Hum not if you ride your enduro bike like a xc bike when you put xc wheels.


----------



## LMN (Sep 8, 2007)

I have a set of Race Face Next SL wheels that I put some EXO 2.3 Minnions on and run on my Enduro bike. They make the bike into a great trail bike. My other wheels are DT Swiss 1500s with DD 2.5 Minions on. Awesome wheels for smashing but for trails they are a bit sluggish.


----------



## matt.s67 (Nov 4, 2016)

I just swap tires which makes a huge difference. We have rolling terrain here in the Charlotte area and a lot of XC style trails. I run a 2.4" Maxxis Dissector up front and a 2.4" Rekon DC out back on my Ripmo with S35 carbon wheels, which are fairly light given how strong they are. I can still hit whatever I want with confidence and the setup rolls pretty fast.

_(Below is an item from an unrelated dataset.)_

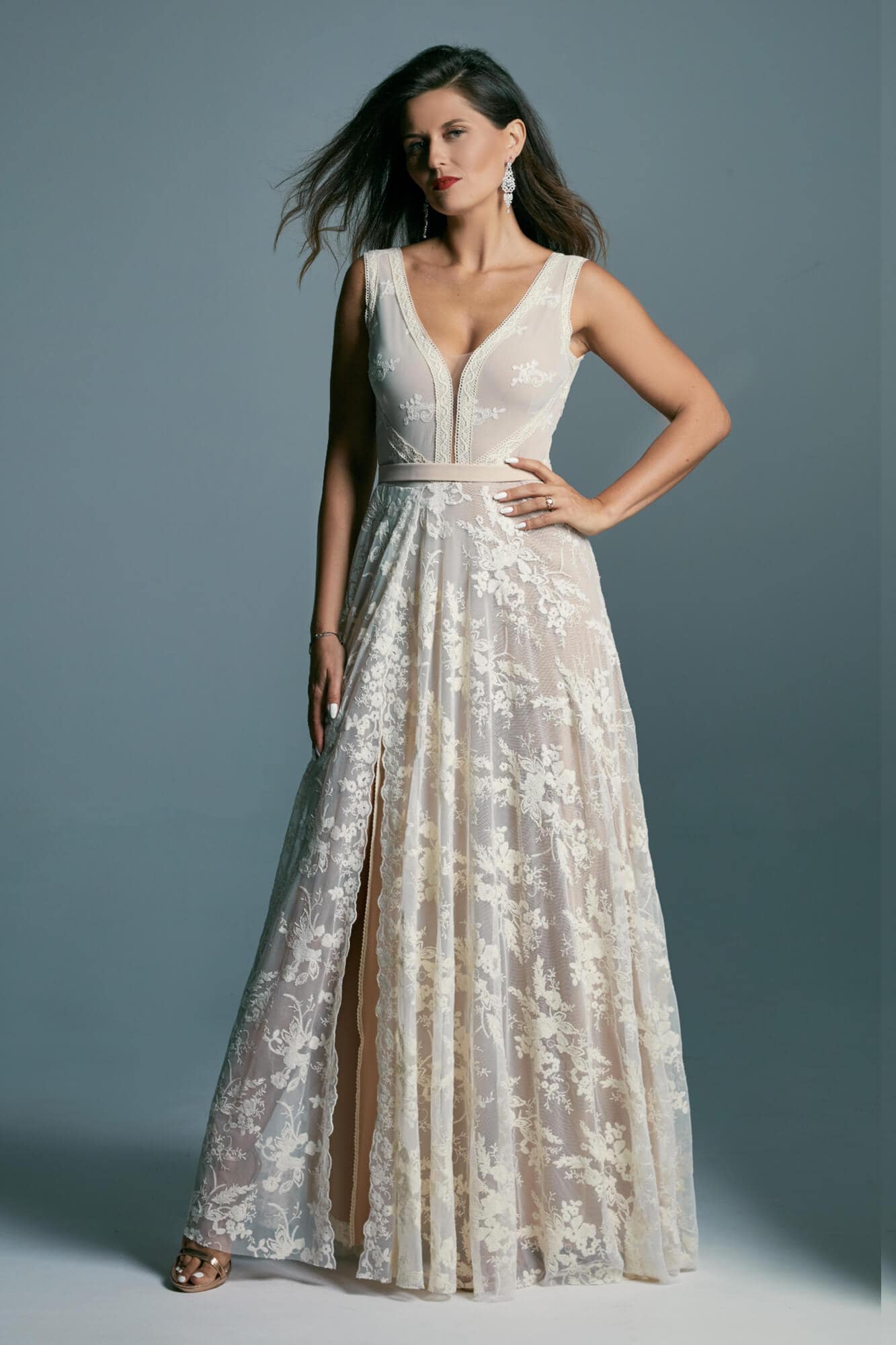 Efektowna suknia ślubna z pięknej koronki to propozycja dla Panny Młodej, która marzy o kreacji w odcieniach ciepłego beżu zamiast klasycznej bieli. Model w całości uszyto z koronki o roślinnych wzorach, ułożonej na cielistej podszewce, która wyraźnie podkreśla jej fakturę i głębię koloru.
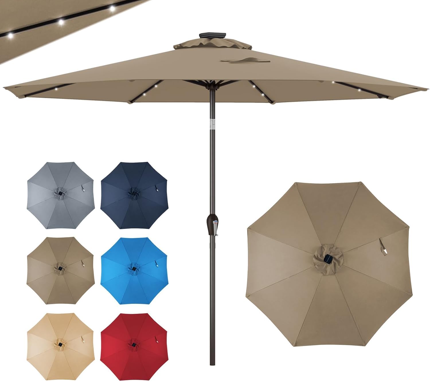 - 24 lampes à LED : Notre parapluie a un total de 8 baleines, chacune avec 3 lampes à LED, un total de 24 lampes à LED, l'énergie solaire peut être utilisée pour charger le parasol lorsqu'il y a suffisamment de soleil. Ce parasol avec LED bloquent la lumière du soleil et les rayons ultraviolets, et il s’éclaire dans la nuit.

When I go out to the mountains, I swap over to some burlier tires which only takes about 10 minutes.

Did the same thing when I lived in FL, but ran a 2.6" Rekon up front with a 2.6" Bontrager XR2 out back due to the amount of sugar sand and pedaling. Very XC tire combo which really transforms how the bike feels. Luckily the Ripmo is extremely pedal efficient and lightweight even for a trail bike.


----------



## MSU Alum (Aug 8, 2009)

Yes, I've done that, but it became clear pretty quickly that having two wheelsets was overkill, so I sold the lighter duty one and just swap tires. But it works, and you may prefer it.


----------



## slowdownthehill (Sep 15, 2017)

How does a Ripmo do in XC?


----------